Наталья рано осталась сиротой. Отец ушел в солдаты, а мать умерла от страха, как пишет автор. Так она боялась гнева своих хозяев, когда всех индюшат побило градом. Оказалось, что ее родителей погубили родные дед и бабка рассказчика.

Со временем он многое узнает о мрачном доме в Суходоле. Дворяне Хрущевы, которые владели поместьем, на случай ссоры всегда садились обедать с плетками в руках.

Но все, кто жил в Суходоле, ни за что не хотели оттуда уезжать. Хоть и жили часто в жуткой нищете. Всех тянуло в Суходол, но со времен детства рассказчика, между помещиками произошла крупная ссора, из-за которой любые отношения были прекращены.

Герои приезжают в Суходол

Рассказчик и его сестра, едва приехав, ощутили очарование, которым была проникнута усадьба. Юные Хрущевы бродили по саду, узнавая места, о которых им рассказывала Наталья, когда их воспитывала. Вернувшись поздно ночью, они часто заставали ее перед образом Меркурия.

История Суходола

Прадед Петр Кириллыч сошел с ума и умер в 45 лет. Его внук утверждал, что причиной помешательства стал целый ливень яблок, который на него обрушился, пока он спал под деревом во дворе.
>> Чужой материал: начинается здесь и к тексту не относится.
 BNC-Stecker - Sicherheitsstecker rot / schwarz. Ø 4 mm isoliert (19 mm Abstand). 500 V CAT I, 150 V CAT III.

Слуги же считали, что он тронулся умом из-за тоски после смерти любимой жены.

Отец рассказчика вспоминал, что в ту пору крепко дружил с дворовым Гевраськой. Считалось, что он внебрачный сын Петра Кириллыча. За домом пыталась приглядывать старая кормилица, но постепенно он терял жилой вид. В кратком содержании "Суходола" И. А. Бунина описывается, как пустела местность в округе.

Вторая жизнь поместья

Новую жизнь в поместье вдохнул Петр Петрович, когда вышел в отставку. Он привез своего друга Войтковича. Жизнь пошла на барский лад.
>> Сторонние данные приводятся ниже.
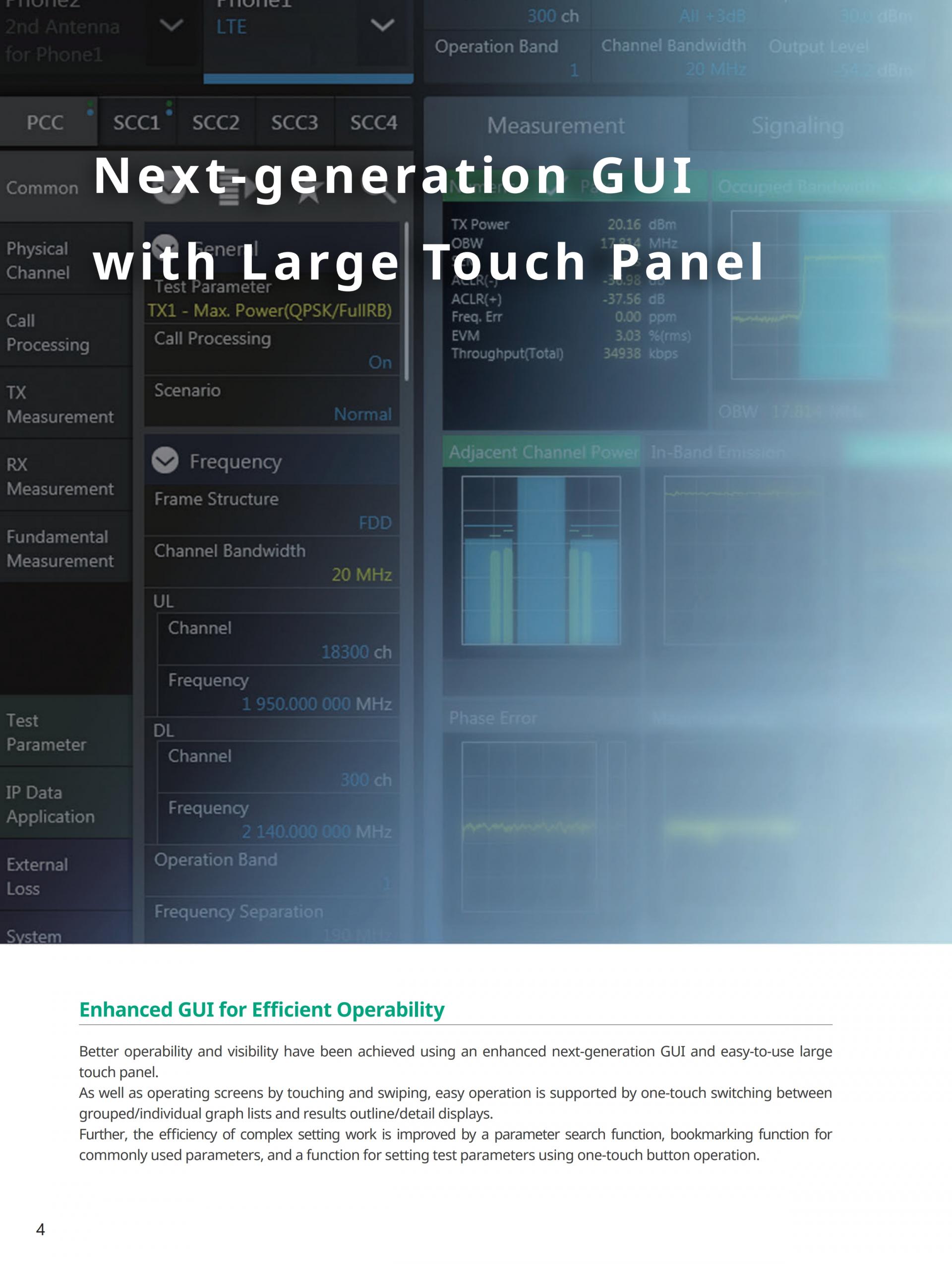 개선된 차세대 GUI 및 사용이 간편한 넓은 터치 패널을 사용해서 조작성 및 가시성이 향상되었습니다.또 터치와 스와이프로 화면을 조작하는 간편한 조작은 그룹/단일 그래프 목록과 결과 개요/상세 표시 간의 변환을 원터치로 가능하게 합니다.또한, 파라미터 검색 기능, 널리 사용되는 파라미터를 위한 북마크 기능 및 원터치 버튼 조작을 이용하는 테스트 파라미터를 설정하기 위한 기능에 의해 복잡한 설정 작업의 효율이 개선됩니다.

Войткович приглянулся Тоне, а Наталья влюбилась в Петра Петровича. Однажды она нашла среди его вещей зеркальце из серебра. Ее очаровала красота этой вещицы. Она тайно его украла и спрятала в заброшенной бане. По несколько раз за день она забегала в баню, чтобы полюбоваться на свое запретное сокровище. Она мечтала, что барин обратит на нее внимание и влюбится.
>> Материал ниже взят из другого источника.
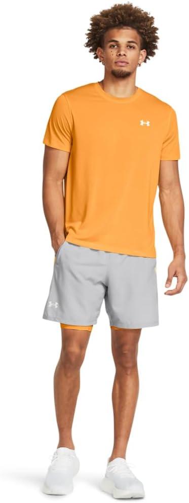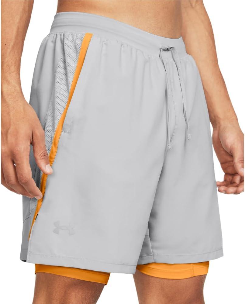 Under Armour Men’s Launch Run 7-inch 2-in-1 Shorts((011) Mod Gray / Nova Orange / Reflective)

Но все закончилось позорно. Петр Петрович раскрыл ее преступление. Посчитал его банальной кражей, приказал ей остричь волосы и сослать в отдаленный хутор.

Поместье в руках Петра Петровича

Непросто складывались отношения с Гевраськой, который при любой возможности унижал дедушку. Старик жаловался на слугу, но постоянно его прощал. Как-то ночью старый Хрущев пошел в гостиную и начал передвигать тяжелую мебель. Он часто так делал по ночам. Гевраська на него прикрикнул, тот, поборов страх, попытался возразить, но в ответ получил сильный удар в грудь. Старик при падении ударился виском о стол и умер.

Гевраська снял с трупа кольцо (золотой образок) и скрылся.

Тем временем Наталья вернулась в Суходол. Петр Петрович к тому времени женился и уехал на Крымскую войну, где получил ранение.

Появление Юшки

Он прикидывался странником, но это оказалось невыгодным делом. Тогда он начал поносить лавру. Много пил и курил, был чрезвычайно похотлив. Барышне он понравился и стал в Суходоле своим человеком.

Вскоре Юшка положил глаз на Наталью, но ей он был противен. Однажды ночью он стал к ней приставать. Все в округе знали, что ночи он проводит в спальне барыни.

Много ночей Наталья отдавалась Юшке, теряя сознание от отвращения и ужаса к себе. Когда ему стало скучно, он просто исчез из поместья. А спустя несколько недель Наталья поняла, что беременна.

Осенью господа вернулись с войны. И сбылся вещий сон Наталья - дом в Суходоле загорелся от молнии. В ту ночь от страха она потеряла ребенка. После этого она постарела и поблекла. Ее возили к мощам, но это не помогло.

В кратком содержании "Суходола" Ивана Бунина упоминается, что из-за Крымской войны хозяйство было истощено. Братья заложили имение, купив у цыган лощадей. Она рассчитывали откормить их за зиму и продать. Но все лошади сдохли. Петр Петрович вскоре после этого погиб. Он ехал зимой из соседнего хутора от любовницы, пьяный упал с саней, бежавшая сзади лошадь размозжила голову ему копытом.

С тех пор всякий раз, как молодые хозяева приезжали в Суходол, Наталья рассказывала им про свою погибшую жизнь. А дом все ветшал. Сын Петра Петровича реализовал землю для пахоты, ехал из Суходола и стал кондуктором на железной дороге.

Хрущевы нового поколения забыли про историю своего древнего рода, они уже не могли найти могилы своих ближайших предков. Все рассказы, которые рассказчик и его сестра слышали от Натальи, казались им далекими и практически невозможными.